Give the data again exactly, without images.

** Data **
================

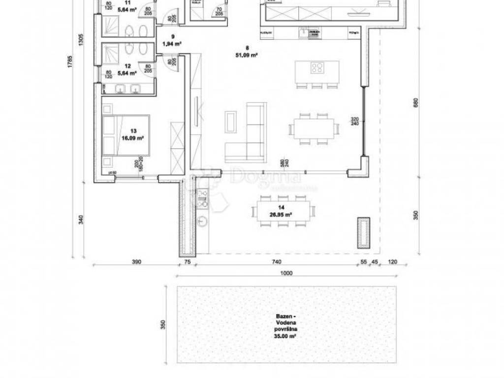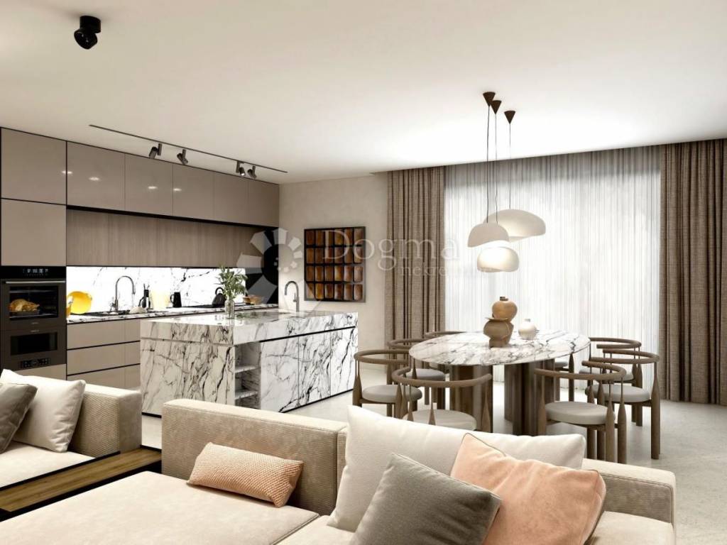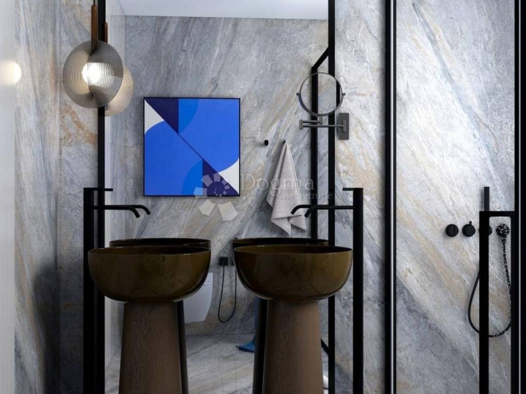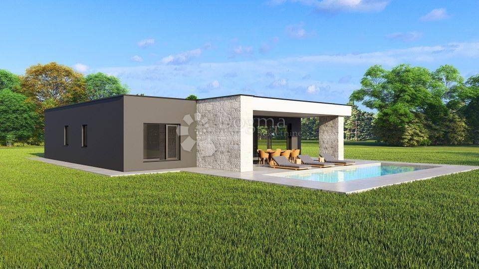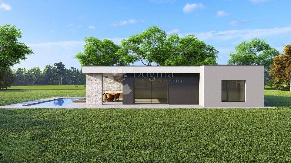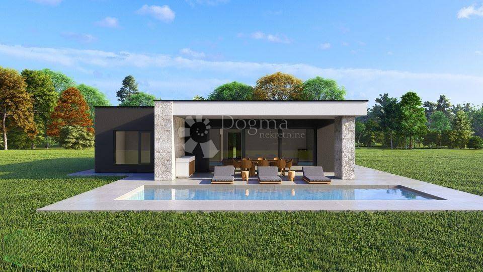 A turnkey villa with a swimming pool is for sale within walking distance of the center of Žminj. The villa is located on a spacious plot and is part of a luxury complex with 9 villas in a quiet environment. The three bedrooms, each with its own bathroom, are arranged in a layout so that each has enough privacy. The common area of the living room and open-plan kitchen is connected by large glass walls with a covered terrace with a summer kitchen and access to the sunbathing area around the pool. Additional rooms at the entrance to the house are the engine room, guest toilet and laundry room. The heated pool is 35 m in size with automatic dosing. The house is an excellent property both for family life near Žminj and for renting to tourists. The maximum capacity of the house is 8 guests. Parking is provided for 6 vehicles and an 11 kW charger for one electric vehicle. Basic technical features: - 10-12 cm external insulation with one external wall clad in stone - high-quality ALU/PVC joinery with electric shutters - heat pumps with smartphone control plus underfloor heating - bathrooms with HansGrohe and Villeroy & Bosch equipment - security entrance door and video alarm system connected to a smartphone - electric entrance door to the property with remote control - 11 kW electric vehicle charger with 5 m cable - 12 kW roof solar panels - horticultural landscaping of the garden - 10-year warranty for the house structure - 2-year warranty for interior work and equipment If the house is purchased during the construction phase, it is possible to choose interior and exterior ceramic tiles up to a certain value defined by the investor. The investor is a legal entity, so the final price of 570,000 includes a 25% VAT item. Planned completion of works 5/2026. For viewing and more details and advice on buying, selling and renting real estate, contact SELMA BAŠIĆ Licensed agent GSM: +385 98 9658170 selma.basic@dogma-nekretnine.com FILIP MARIĆ Licensed agent GSM: +385 91 3355350 filip.maric@dogma-nekretnine.com
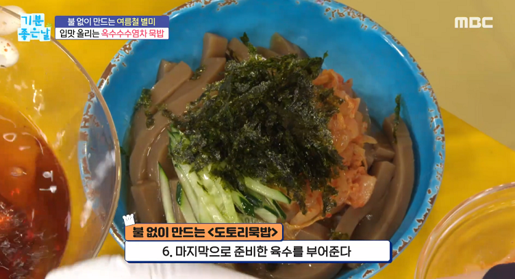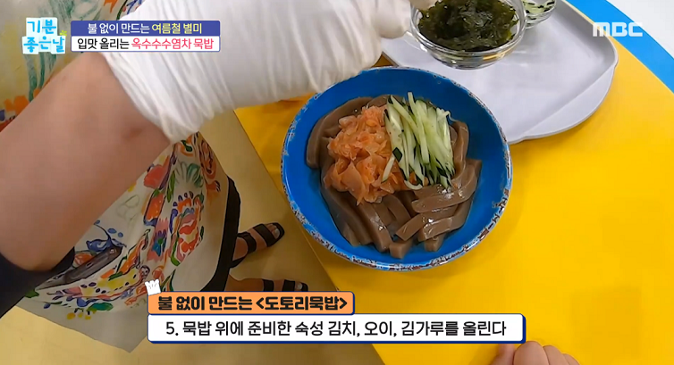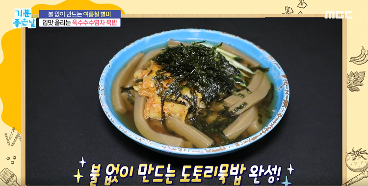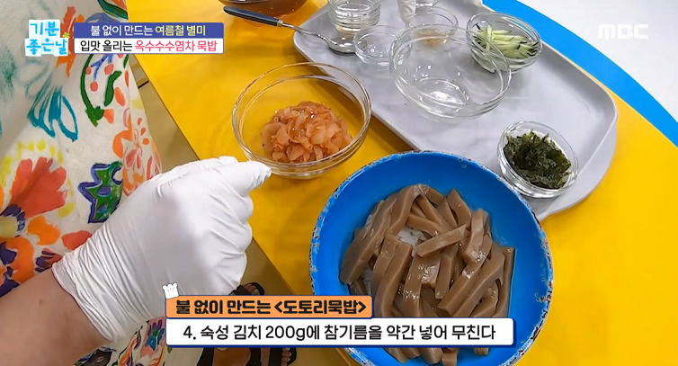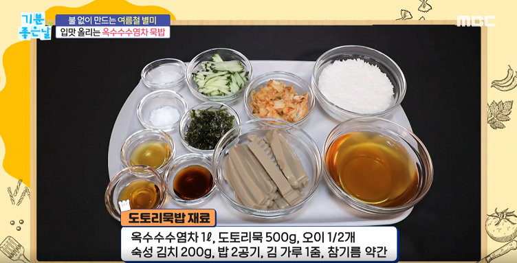 옥수수수염차 1리터, 도토리묵 500g, 오이1/2개, 숙성김치 200g, 밥2공기, 김가루 1줌, 참기름 약간
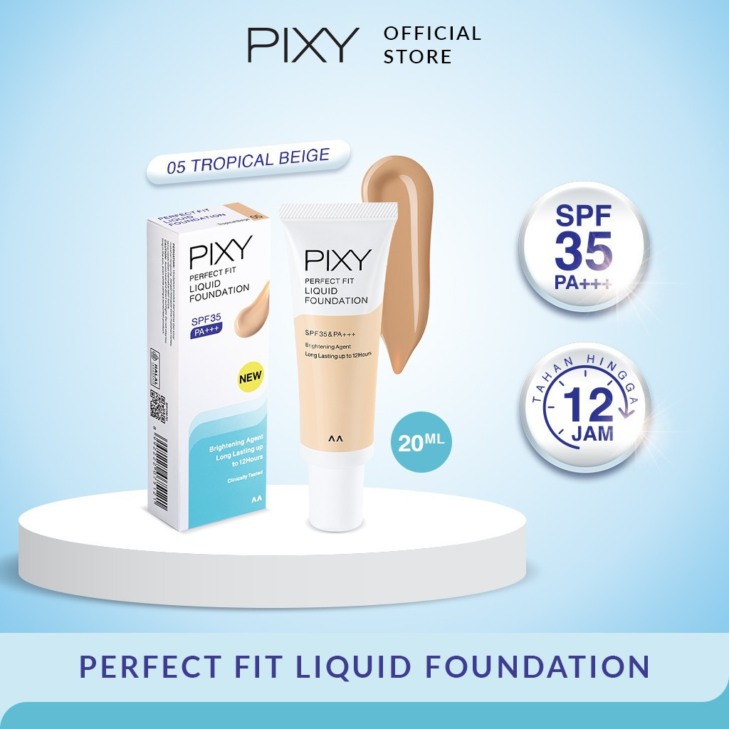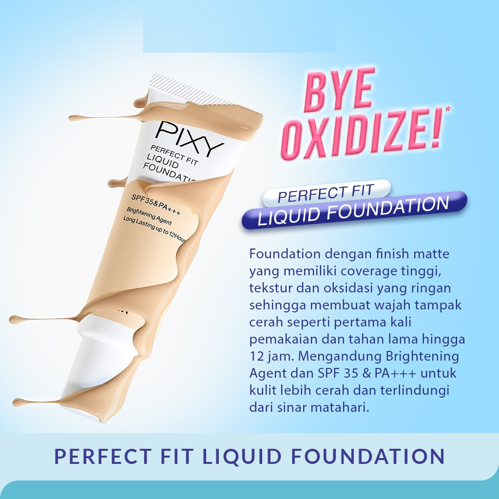 PIXY Perfect Fit Liquid Foundation SPF 35 PA+++ 20ml / Brightening Agent / Long Lasting Up to 12 jam
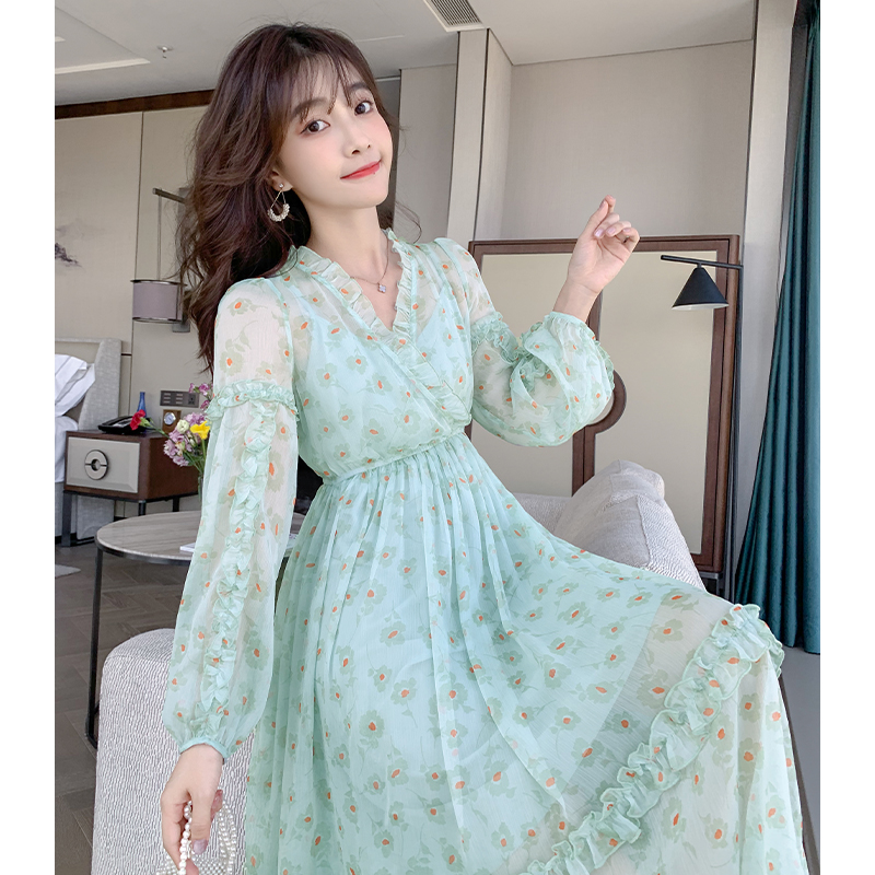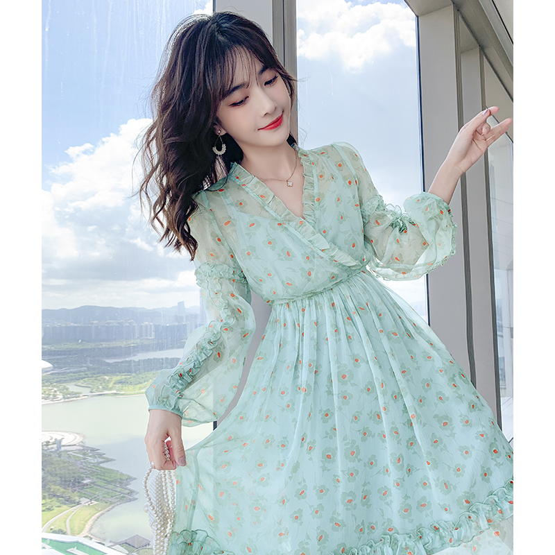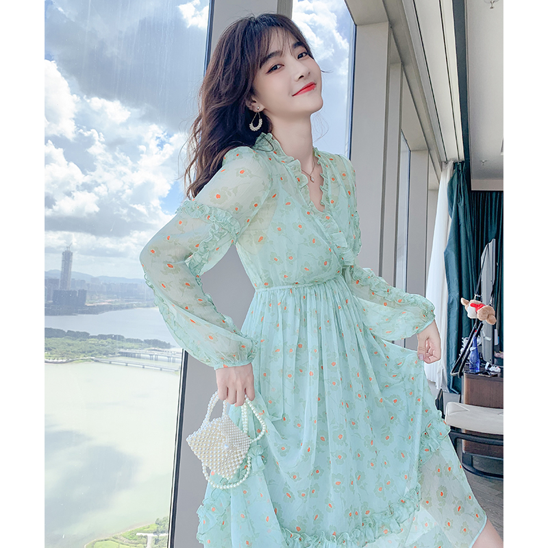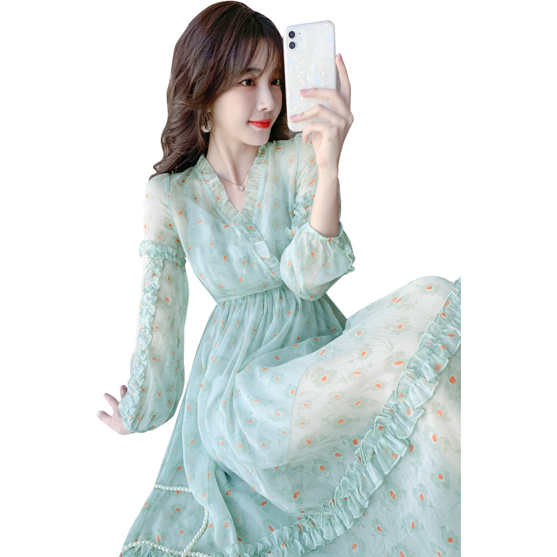 Fan-style small crowdsourced green fragrants snowspun foreign dress female V collar long dress Slim Fit Fairy's Fairy Skirt Superfairy

================

** Reply to the task **
 A turnkey villa with a swimming pool is for sale within walking distance of the center of Žminj. The villa is located on a spacious plot and is part of a luxury complex with 9 villas in a quiet environment. The three bedrooms, each with its own bathroom, are arranged in a layout so that each has enough privacy. The common area of the living room and open-plan kitchen is connected by large glass walls with a covered terrace with a summer kitchen and access to the sunbathing area around the pool. Additional rooms at the entrance to the house are the engine room, guest toilet and laundry room. The heated pool is 35 m in size with automatic dosing. The house is an excellent property both for family life near Žminj and for renting to tourists. The maximum capacity of the house is 8 guests. Parking is provided for 6 vehicles and an 11 kW charger for one electric vehicle. Basic technical features: - 10-12 cm external insulation with one external wall clad in stone - high-quality ALU/PVC joinery with electric shutters - heat pumps with smartphone control plus underfloor heating - bathrooms with HansGrohe and Villeroy & Bosch equipment - security entrance door and video alarm system connected to a smartphone - electric entrance door to the property with remote control - 11 kW electric vehicle charger with 5 m cable - 12 kW roof solar panels - horticultural landscaping of the garden - 10-year warranty for the house structure - 2-year warranty for interior work and equipment If the house is purchased during the construction phase, it is possible to choose interior and exterior ceramic tiles up to a certain value defined by the investor. The investor is a legal entity, so the final price of 570,000 includes a 25% VAT item. Planned completion of works 5/2026. For viewing and more details and advice on buying, selling and renting real estate, contact SELMA BAŠIĆ Licensed agent GSM: +385 98 9658170 selma.basic@dogma-nekretnine.com FILIP MARIĆ Licensed agent GSM: +385 91 3355350 filip.maric@dogma-nekretnine.com
 옥수수수염차 1리터, 도토리묵 500g, 오이1/2개, 숙성김치 200g, 밥2공기, 김가루 1줌, 참기름 약간
 PIXY Perfect Fit Liquid Foundation SPF 35 PA+++ 20ml / Brightening Agent / Long Lasting Up to 12 jam
 Fan-style small crowdsourced green fragrants snowspun foreign dress female V collar long dress Slim Fit Fairy's Fairy Skirt Superfairy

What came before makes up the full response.